CVE-2025-69763 – Tenda AX3
Vulnerability Type: Stack overflow
Attack Vector: Router configuration endpoint
Authentication Required: No
How It Can Be Exploited
This flaw exists in a separate request path from CVE-2025-69766 but results in the same outcome. The attacker sends specially crafted parameters that overwrite stack memory and hijack execution flow.
CVE-2025-69762 – Tenda AX3
Vulnerability Type: Stack overflow
Attack Vector: HTTP management service
Authentication Required: No
How It Can Be Exploited
Improper bounds checking in firmware functions handling network configuration requests allows memory corruption.
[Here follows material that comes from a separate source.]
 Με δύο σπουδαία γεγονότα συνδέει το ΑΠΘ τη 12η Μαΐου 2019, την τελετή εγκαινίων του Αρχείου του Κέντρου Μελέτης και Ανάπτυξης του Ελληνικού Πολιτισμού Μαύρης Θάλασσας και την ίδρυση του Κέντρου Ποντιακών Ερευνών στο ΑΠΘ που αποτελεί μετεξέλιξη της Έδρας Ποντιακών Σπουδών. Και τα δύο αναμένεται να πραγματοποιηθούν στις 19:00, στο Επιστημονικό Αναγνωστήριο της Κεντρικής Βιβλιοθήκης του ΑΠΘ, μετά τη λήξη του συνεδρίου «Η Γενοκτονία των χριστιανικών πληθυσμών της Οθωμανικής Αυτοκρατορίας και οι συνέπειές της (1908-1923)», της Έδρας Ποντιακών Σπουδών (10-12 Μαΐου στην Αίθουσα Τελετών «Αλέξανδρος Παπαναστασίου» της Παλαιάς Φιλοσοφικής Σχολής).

Exploitation can be chained with known return-to-libc techniques to reliably gain shell access.
MITRE ATT&CK Mapping
| Tactic | Technique ID | Technique Name |
|---|---|---|
| Initial Access | T1190 | Exploit Public-Facing Application |
| Execution | T1059 | Command and Scripting Interpreter |
| Privilege Escalation | T1068 | Exploitation for Privilege Escalation |
| Persistence | T1547 | Boot or Logon Autostart Execution |
| Command & Control | T1071 | Application Layer Protocol |
Detection & Monitoring Guidance
Log Sources to Monitor
- Router HTTP access logs
- Embedded web server error logs
- System crash or watchdog logs
- Network IDS/IPS logs
Indicators of Exploitation
- Repeated long HTTP POST requests
- Abnormally large parameter values
- Router reboots without configuration changes
- Unexpected outbound traffic from router
- New listening services on non-standard ports
Example Detection Rules
HTTP Anomaly Detection
- Alert on POST requests exceeding normal parameter length
- Alert on repeated requests to configuration endpoints from external IPs
Network-Based Detection
- Flag outbound connections initiated by router to unknown external hosts
- Detect command-and-control style beaconing from router IP
Behavioral Indicators
- Router CPU usage spikes
- Sudden configuration resets
- DNS hijacking behavior
Payload Characteristics
While exact exploit payloads vary, they generally include:
- Padding to reach return address
- Overwritten return pointer
- Embedded shellcode or command execution chain
- Optional reverse shell instructions
Payloads are typically delivered as HTTP form parameters or JSON fields.
Proof-of-Concept Status
- Public proof-of-concept exploit code has been reported for these issues
- Exploits are suitable for automation
- Low technical skill required once exploit is weaponized
Mitigation & Remediation
Immediate Actions
- Disable remote management on WAN interfaces
- Restrict router management access to trusted IP ranges
- Monitor outbound traffic from router devices
Official Patch Information
Tenda has released firmware updates addressing these vulnerabilities.
Users should only apply firmware obtained directly from Tenda’s official support website for the specific router model and hardware revision.
Firmware updates:
- Add proper input length validation
- Replace unsafe memory functions
- Harden web management services
Business & User Impact
If exploited, these vulnerabilities can lead to:
- Complete loss of network confidentiality
- Credential theft across the LAN
- Malware propagation
- Legal and compliance exposure
Final Takeaway
These vulnerabilities represent a critical security risk and should be treated as a top-priority remediation item. Internet-exposed routers running vulnerable firmware are at high risk of automated exploitation and mass compromise.
Patch immediately. If patching is not possible, isolate or replace the affected device.